For all of these reasons, and more, the appellate court determined the trial court was well within its discretion in excluding plaintiffs’ expert based on its reasoned conclusion that the expert’s opinion was “shifting and unsound.” Id. at *8.
Plaintiffs also tried to argue that summary judgment was improper because expert causation evidence was not necessary.
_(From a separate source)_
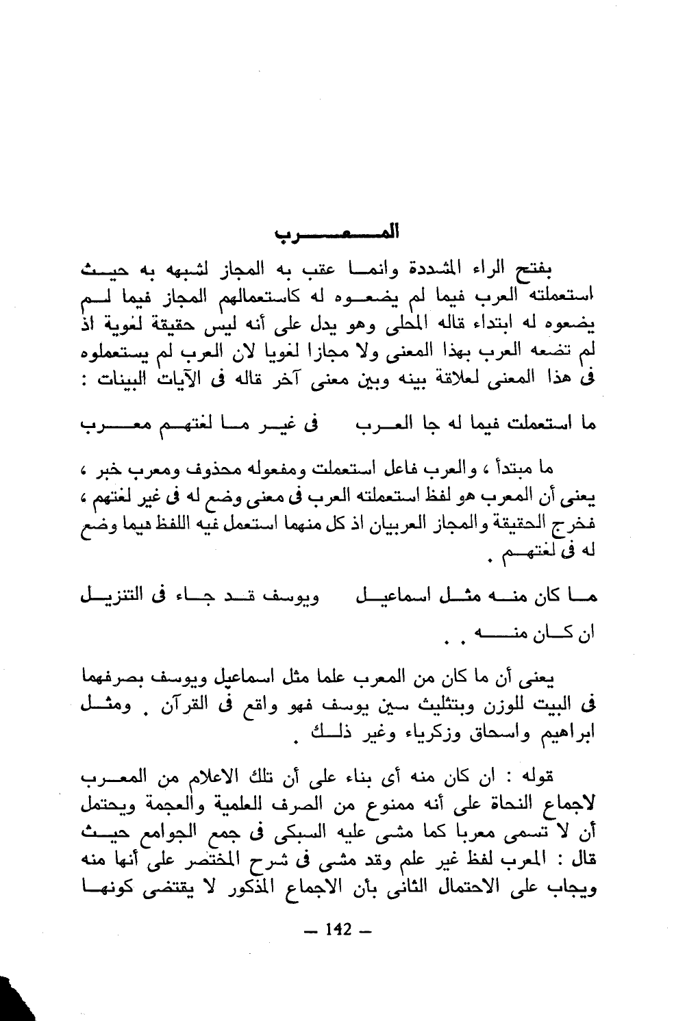 بفتح الراء المشددة وإنما عقب به المجاز لشبهه به حيث استعملته العرب فيما لم يضعون له كاستعمالهم المجاز فيما لم يضعوه له ابتداء قاله المحلى وهو يدل على أنه ليس حقيقة لغوية إذ لم تضعه العرب بهذا المعنى ولا مجازا لغويا لأن العرب لم يستعملوه في هذا المعنى لعلاقة بينه وبين معنى آخر قاله في الآيات البينات:

That flies directly in the face of settled law that “in a personal injury action causation must be proven within a reasonable medical probability based upon competent expert testimony.” Id. at *9. Even if plaintiff had provided any authority that complex medical causation, such as heart failure, could be proven through non-expert evidence, the non-expert evidence plaintiffs relied on was insufficient to cross the summary judgment threshold. The drug’s updated label that said consider the risks before using to treat patients at high risk for heart failure. The RCT authors’ statement that the risk of heart failure needs to be further investigated. FDA statements after the RCT that the drug may cause or increase the risk of heart failure. All of these statements are based solely on the results of the RCT – which cannot support causation for all the same reasons plaintiffs’ expert’s reliance on the RCT alone could not. [P]laintiffs cannot attempt to circumvent the shortcomings of [the RCT] by pointing to other evidence that merely relies on [the RCT’s] finding.” Id. at *11.
Finally, the court did not abuse its discretion in denying plaintiffs’ request for additional time to designate a new expert. Plaintiff chose to designate one causation expert, that was their strategic decision. Asking for a do-over would prejudice defendants and tax the court’s resources as it would require additional expert discovery and another Sargon hearing. Summary judgment was affirmed.